What to do:
Using the data that follows, output only the lines from the line with "En plus du baudrier" up to and including the line with "Arrullo bebé reversible", exactly, leaving pictures aside.

The input:

*** Block opens ***

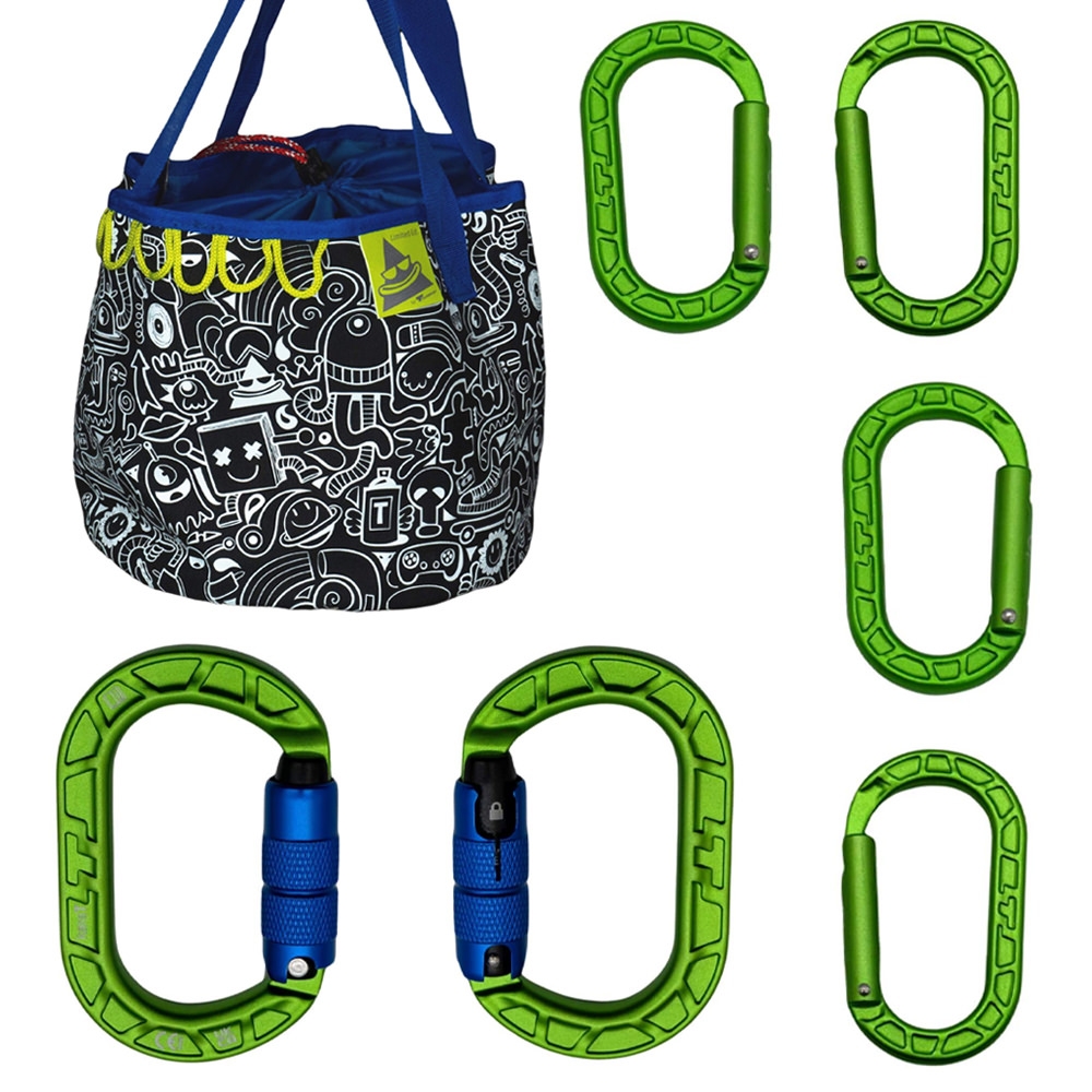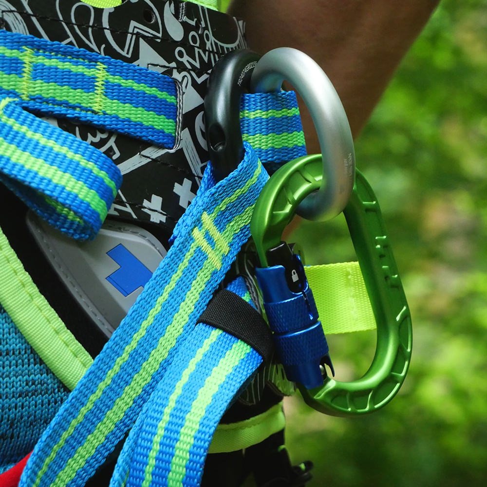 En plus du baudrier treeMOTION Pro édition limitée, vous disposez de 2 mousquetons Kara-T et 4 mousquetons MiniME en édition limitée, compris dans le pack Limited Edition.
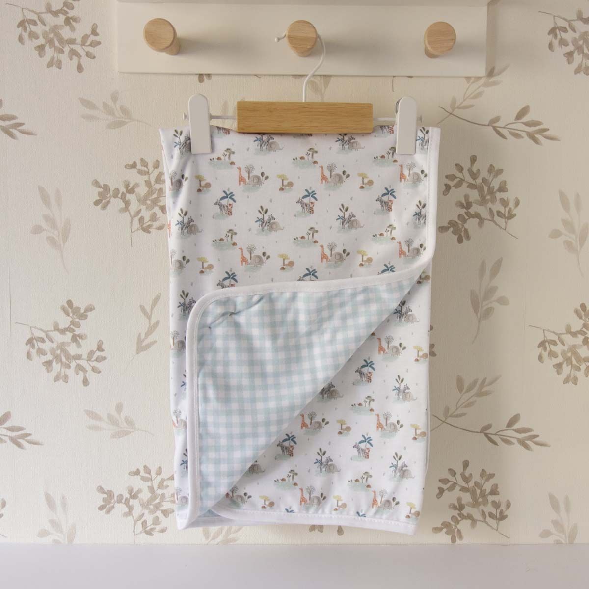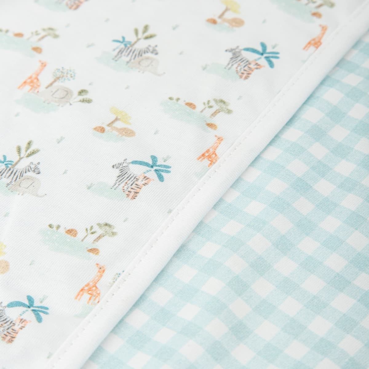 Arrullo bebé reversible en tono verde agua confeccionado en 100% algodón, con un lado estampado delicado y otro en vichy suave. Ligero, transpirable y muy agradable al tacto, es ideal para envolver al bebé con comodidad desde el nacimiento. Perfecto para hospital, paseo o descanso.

*** Block closes ***
*** Block opens ***

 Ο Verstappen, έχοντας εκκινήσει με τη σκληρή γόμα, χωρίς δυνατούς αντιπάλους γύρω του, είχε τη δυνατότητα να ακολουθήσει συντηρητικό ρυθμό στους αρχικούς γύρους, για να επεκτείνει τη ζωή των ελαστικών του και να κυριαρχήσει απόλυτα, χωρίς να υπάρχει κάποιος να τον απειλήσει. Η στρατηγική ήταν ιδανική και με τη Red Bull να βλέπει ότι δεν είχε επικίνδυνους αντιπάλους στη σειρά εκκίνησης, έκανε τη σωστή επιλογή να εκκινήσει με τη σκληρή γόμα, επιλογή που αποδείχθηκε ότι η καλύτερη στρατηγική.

*** Block closes ***

Answer:
 En plus du baudrier treeMOTION Pro édition limitée, vous disposez de 2 mousquetons Kara-T et 4 mousquetons MiniME en édition limitée, compris dans le pack Limited Edition.
 Arrullo bebé reversible en tono verde agua confeccionado en 100% algodón, con un lado estampado delicado y otro en vichy suave. Ligero, transpirable y muy agradable al tacto, es ideal para envolver al bebé con comodidad desde el nacimiento. Perfecto para hospital, paseo o descanso.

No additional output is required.